Clinicopathological outcomes of clinical T1a renal cell carcinoma by tumor size

Jpn J Clin Oncol. 2011 May;41(5):637-41. doi: 10.1093/jjco/hyr007. Epub 2011 Feb 4.

Abstract

Objective: We performed a retrospective review of clinical T1a renal cell carcinoma patients treated in our institution. The clinicopathological findings and patients' prognoses were analyzed according to tumor size, and risk factors for tumor recurrence were elucidated.

Methods: A total of 140 cases of sporadic renal cell carcinoma with a diameter of 4 cm or less on computed tomography findings for preoperative evaluation were treated as clinical T1a. Patients underwent radical nephrectomy or nephron-sparing surgery, and were evaluated postoperatively every 3-6 months to screen for metastatic disease. Patients' medical records were reviewed retrospectively and the status of each patient was assessed.

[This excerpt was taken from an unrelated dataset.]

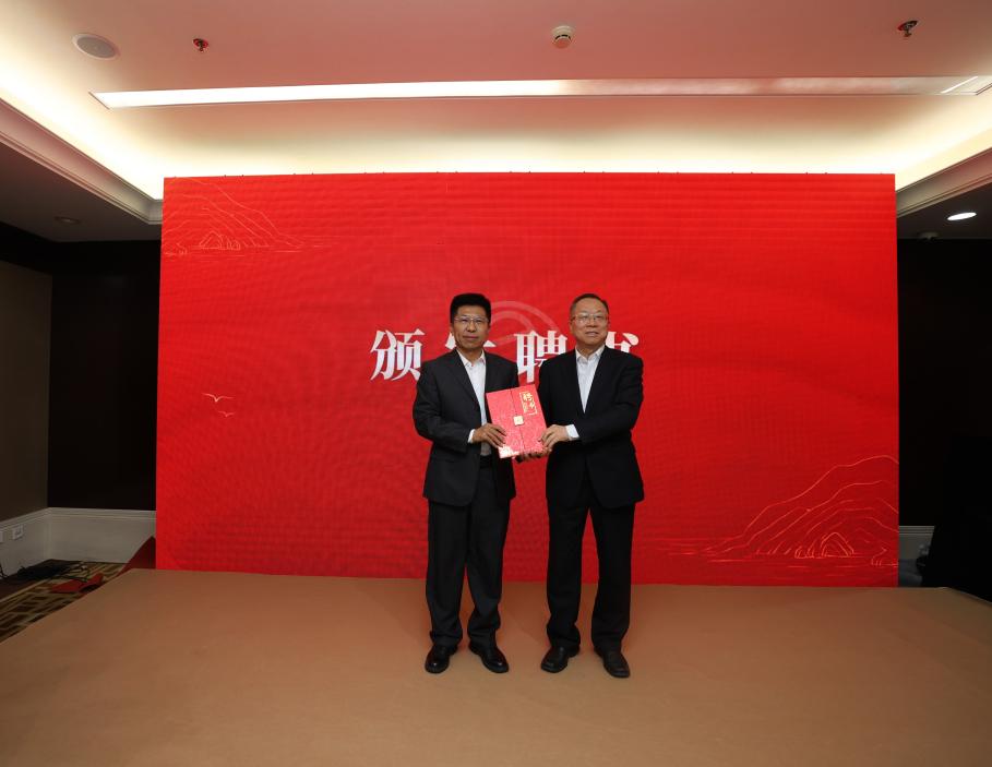 翟博常務(wù)副會長為新任理事長范緒鋒頒發(fā)聘書。

Results: There were four cases of clinically metastatic disease at diagnosis. There were no correlations between tumor size and pathological stage, Fuhrman nuclear grade or histological type. The rate of cases with microvascular invasion on pathological findings increased according to tumor diameter. Disease recurrence occurred in six patients (5.7%) during a mean postoperative follow-up of 41.7 months. There was a significant difference in the recurrence-free rate between pT1a patients with a tumor diameter of 31 mm or more and other patient groups. In terms of microvascular invasion on histological findings, the probability of non-recurrence at 7 years was 0% for patients with and 92.9% for those without microvascular invasion.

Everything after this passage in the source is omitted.